Wenn Fragen von Hirnforschung und Ethik behandelt werden, ist Verunsicherung und Angst nicht weit – mit einem gewissen Recht. Zukunftsaussichten wie die Implantierung von Mikrochips ins Gehirn, die Entwicklung unfehlbarer Lügendetektoren und die Fernsteuerung von Menschen – an Ratten bereits erfolgreich erprobt – stellen die Kontrollmechanismen so mancher Dystopie in den Schatten.

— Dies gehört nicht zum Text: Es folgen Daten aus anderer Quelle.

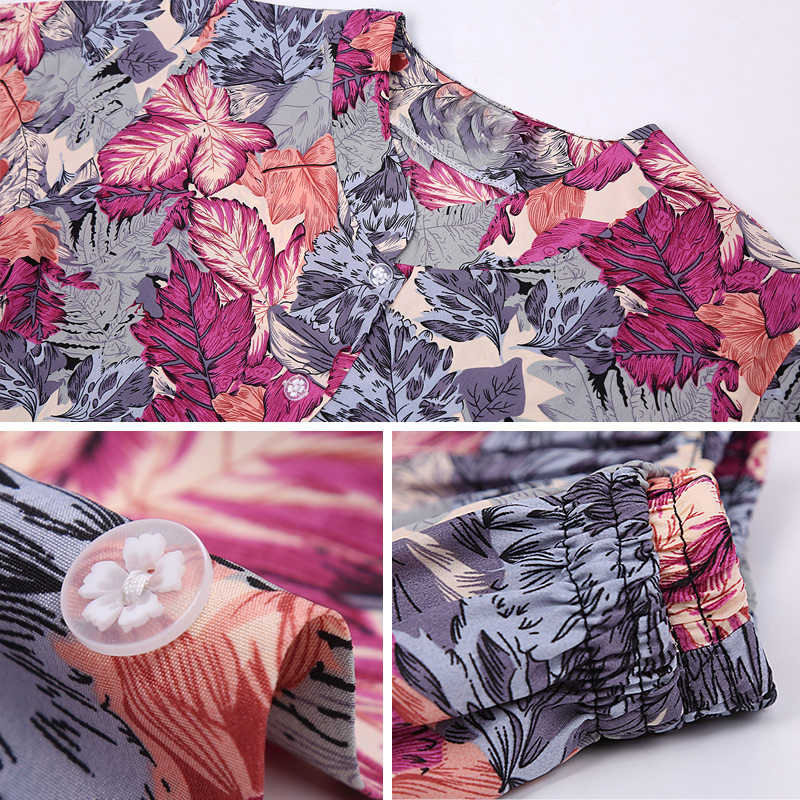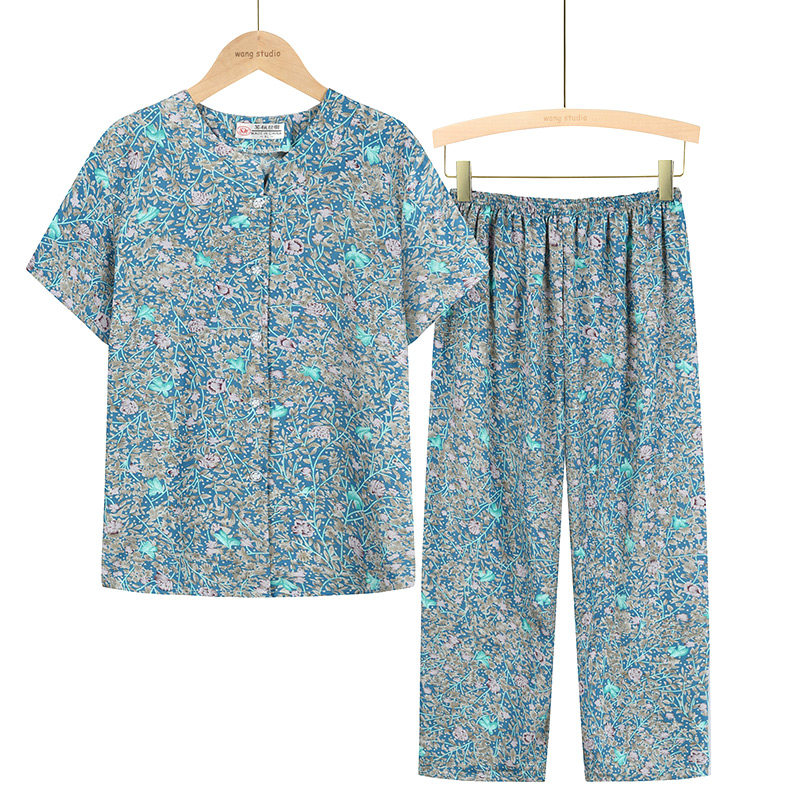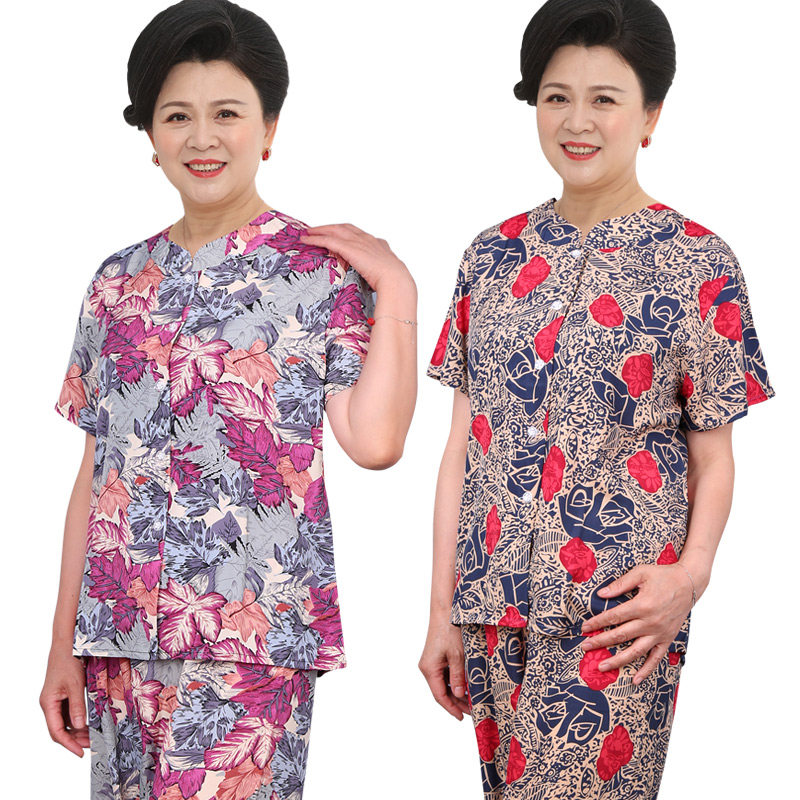 Middle-aged and elderly homewear suit mother cardigan elderly clothes old lady pajamas female spring and autumn imitation ice silk short-sleeved summer

Eine Expertin für das interdisziplinäre Forschungsgebiet zwischen Philosophie, Medizin und Technik hat nun eine gut lesbare Einführung in das komplexe Thema vorgelegt. In ruhigem Tonfall stellt die Mainzer Privatdozentin die teils erbittert geführten Diskussionen dar, etwa um Willensfreiheit, Hirntransplantationen und die Verantwortung für in ihrer Willensbildungsfähigkeit eingeschränkte Patienten. Wertungsfrei erläutert sie vorgebrachte Argumente und weist auf Schwachstellen in derzeit modischen philosophischen Erklärungsmodellen. Wenn sie doch einmal Stellung bezieht, geschieht auch dies ohne Eifer.

Neben der Frage von Willensfreiheit und Determinierung widmet Hildt dem „Neuroenhancement“, also der Leistungs- oder gar „Charakterverbesserung“ durch Eingriff in Hirnabläufe einen Schwerpunkt des Buchs. Deutlich skeptisch bespricht sie die Möglichkeiten technisch-operativer Eingriffe wie die Verpflanzung von Hirngewebe, Stammzellen oder ganzen Hirnteilen und weist auf deren weitgehende Irreversibilität hin: Patienten müssen meist für immer mit den Konsequenzen dieser Operation leben. Dagegen bewertet die Autorin die Risiken und Chancen pharmakologischer Eingriffe wegen ihrer besseren Kontrollierbarkeit weit positiver. Auch hier verschweigt sie indes nicht die Gefahren von „Partydrogen“ und rezeptpflichtigen „Lernhilfen.“

Neben kleineren Ungenauigkeiten stört am Buch letztlich nur der unausgewogene Aufbau, denn neben interessanten Kapiteln stehen Texte über derzeit rein theoretische Fälle wie Kopfverpflanzungen, wobei die Erörterung der hypothetischen ethischen Probleme leider über die Maskierung der eigenen Ratlosigkeit nicht weit hinauskommt. Ein Glossar mit Fachausdrücken rundet das insgesamt dennoch empfehlenswerte Buch ab.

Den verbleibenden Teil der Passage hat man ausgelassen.